Game Development Reference
In-Depth Information
Given an SDL surface, you simply check the format's bits per pixel
surface->format->BitsPerPixel
and based on that value you create an RGB565 array of pixels that can be used by
DrawIntoTextureRGB565 .
for ( i = 0 ; i < size ; i++ ) {
unsigned char pixel = ((unsigned char *)surface->pixels)[i];
// RGB565
pixels[i] = ( (colors[pixel].r >> 3) << 11)
| ( (colors[pixel].g >> 2) << 5)
| (colors[pixel].b >> 3);
}
Each pixel consists of a Red, Green, and Blue value extracted from the surface color
palette with
SDL_Color * colors = surface->format->palette->colors;
RED: colors[pixel].r
GREEN: colors[pixel].g
BLUE: colors[pixel].b
To build an RGB565 pixel, discard the least significant bits from each color component.

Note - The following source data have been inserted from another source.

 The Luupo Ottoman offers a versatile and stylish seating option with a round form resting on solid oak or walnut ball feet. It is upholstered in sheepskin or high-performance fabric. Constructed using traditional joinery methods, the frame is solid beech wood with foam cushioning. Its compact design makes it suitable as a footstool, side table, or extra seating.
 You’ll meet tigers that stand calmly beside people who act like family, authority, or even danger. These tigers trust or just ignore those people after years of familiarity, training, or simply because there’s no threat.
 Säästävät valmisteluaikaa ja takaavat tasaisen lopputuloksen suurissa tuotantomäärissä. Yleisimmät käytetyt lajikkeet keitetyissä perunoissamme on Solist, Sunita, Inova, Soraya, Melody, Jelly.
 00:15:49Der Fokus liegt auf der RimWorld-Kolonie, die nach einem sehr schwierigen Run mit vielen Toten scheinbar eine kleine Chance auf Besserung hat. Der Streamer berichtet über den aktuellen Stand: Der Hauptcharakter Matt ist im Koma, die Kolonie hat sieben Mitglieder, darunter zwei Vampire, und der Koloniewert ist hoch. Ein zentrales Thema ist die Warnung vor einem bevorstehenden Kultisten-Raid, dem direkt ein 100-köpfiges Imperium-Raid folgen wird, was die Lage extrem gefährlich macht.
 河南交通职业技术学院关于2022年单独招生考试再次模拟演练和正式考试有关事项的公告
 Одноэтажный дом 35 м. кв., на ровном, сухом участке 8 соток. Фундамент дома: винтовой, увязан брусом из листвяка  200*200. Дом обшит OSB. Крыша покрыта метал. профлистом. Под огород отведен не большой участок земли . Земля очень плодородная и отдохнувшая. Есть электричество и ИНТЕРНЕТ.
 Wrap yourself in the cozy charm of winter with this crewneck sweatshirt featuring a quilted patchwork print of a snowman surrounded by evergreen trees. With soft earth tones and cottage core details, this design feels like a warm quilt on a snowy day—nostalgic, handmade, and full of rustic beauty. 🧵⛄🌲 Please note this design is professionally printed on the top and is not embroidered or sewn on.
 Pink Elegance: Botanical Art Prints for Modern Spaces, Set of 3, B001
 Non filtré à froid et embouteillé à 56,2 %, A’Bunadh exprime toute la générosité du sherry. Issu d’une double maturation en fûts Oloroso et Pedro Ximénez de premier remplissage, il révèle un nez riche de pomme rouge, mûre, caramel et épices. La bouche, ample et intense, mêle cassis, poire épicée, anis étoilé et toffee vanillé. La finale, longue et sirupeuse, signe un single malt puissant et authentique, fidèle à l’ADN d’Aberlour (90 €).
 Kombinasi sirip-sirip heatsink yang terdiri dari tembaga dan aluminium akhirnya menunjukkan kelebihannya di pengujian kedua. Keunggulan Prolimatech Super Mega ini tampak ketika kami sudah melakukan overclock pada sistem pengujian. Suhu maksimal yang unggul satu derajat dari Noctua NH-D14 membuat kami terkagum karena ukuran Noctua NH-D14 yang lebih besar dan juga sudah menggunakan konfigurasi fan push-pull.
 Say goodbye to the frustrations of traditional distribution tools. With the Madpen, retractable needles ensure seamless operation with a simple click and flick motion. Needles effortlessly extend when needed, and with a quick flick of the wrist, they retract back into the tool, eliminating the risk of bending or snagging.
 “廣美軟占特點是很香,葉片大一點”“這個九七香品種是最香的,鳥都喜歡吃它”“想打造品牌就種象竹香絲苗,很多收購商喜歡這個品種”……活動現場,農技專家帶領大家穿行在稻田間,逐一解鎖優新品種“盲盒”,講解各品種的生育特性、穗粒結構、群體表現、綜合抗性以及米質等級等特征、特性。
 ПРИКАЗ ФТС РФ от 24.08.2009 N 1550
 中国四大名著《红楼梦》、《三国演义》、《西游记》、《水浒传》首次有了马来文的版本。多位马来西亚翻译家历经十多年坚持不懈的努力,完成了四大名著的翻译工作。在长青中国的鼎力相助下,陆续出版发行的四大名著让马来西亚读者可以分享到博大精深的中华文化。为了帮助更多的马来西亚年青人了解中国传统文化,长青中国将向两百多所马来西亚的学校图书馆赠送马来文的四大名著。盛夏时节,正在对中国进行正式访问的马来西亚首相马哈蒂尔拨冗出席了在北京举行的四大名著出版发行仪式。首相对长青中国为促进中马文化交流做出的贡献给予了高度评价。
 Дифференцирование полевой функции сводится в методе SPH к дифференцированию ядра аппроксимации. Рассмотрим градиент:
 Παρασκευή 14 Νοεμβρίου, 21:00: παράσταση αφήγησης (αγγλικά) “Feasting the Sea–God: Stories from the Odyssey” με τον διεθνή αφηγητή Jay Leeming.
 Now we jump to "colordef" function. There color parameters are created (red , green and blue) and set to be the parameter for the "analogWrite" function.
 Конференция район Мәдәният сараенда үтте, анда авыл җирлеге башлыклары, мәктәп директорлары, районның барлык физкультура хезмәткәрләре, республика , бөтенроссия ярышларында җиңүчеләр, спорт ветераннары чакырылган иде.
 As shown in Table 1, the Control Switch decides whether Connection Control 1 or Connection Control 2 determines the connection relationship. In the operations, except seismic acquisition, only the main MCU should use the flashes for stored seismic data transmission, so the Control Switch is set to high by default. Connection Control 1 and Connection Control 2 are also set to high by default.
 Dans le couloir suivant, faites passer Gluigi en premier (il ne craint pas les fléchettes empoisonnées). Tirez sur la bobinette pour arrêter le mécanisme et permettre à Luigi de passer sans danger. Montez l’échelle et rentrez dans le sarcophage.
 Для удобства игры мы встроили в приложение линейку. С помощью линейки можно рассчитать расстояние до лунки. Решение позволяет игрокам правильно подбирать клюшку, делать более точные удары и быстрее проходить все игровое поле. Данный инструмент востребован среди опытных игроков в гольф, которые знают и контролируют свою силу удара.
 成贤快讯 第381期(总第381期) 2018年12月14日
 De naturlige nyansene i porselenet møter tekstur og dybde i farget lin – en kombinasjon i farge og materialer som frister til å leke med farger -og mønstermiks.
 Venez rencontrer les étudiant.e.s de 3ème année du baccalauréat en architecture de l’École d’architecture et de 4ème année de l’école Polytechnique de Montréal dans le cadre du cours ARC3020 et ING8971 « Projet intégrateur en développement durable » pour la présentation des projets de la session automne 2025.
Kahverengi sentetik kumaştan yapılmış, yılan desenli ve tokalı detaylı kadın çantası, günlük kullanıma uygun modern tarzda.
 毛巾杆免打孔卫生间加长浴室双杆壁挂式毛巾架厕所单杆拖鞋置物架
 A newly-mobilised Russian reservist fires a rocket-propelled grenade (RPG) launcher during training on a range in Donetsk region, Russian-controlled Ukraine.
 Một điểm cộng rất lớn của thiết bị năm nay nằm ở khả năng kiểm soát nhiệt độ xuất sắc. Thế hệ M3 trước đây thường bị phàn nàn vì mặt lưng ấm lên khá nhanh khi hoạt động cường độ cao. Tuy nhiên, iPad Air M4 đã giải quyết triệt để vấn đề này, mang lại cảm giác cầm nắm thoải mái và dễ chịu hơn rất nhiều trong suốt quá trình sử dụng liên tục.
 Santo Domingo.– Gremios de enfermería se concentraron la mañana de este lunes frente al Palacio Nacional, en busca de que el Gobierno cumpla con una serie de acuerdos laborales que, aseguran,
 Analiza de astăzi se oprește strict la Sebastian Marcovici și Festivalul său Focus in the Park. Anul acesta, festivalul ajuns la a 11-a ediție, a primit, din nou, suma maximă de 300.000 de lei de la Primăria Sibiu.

colors[pixel].r >> 3 (8 - 3 = 5)
colors[pixel].g >> 2 (8 - 2 = 6)
colors[pixel].b >> 3 (8 - 3 = 5)
Then shift each component into the proper position of a 16-bit value (5+6+5 = 16, hence
RGB656).
pixels[i] = (RED << 11) | (GREEN << 5) | BLUE
Finally, you send the new array to DrawIntoTextureRGB565 along with the image width and
height. For the final piece of the puzzle, you need a way to tell whether the surface requires
zooming. This can be done at video initialization when the surface is created in the first
place. Listing 3-15 shows how to create a software surface using SDL.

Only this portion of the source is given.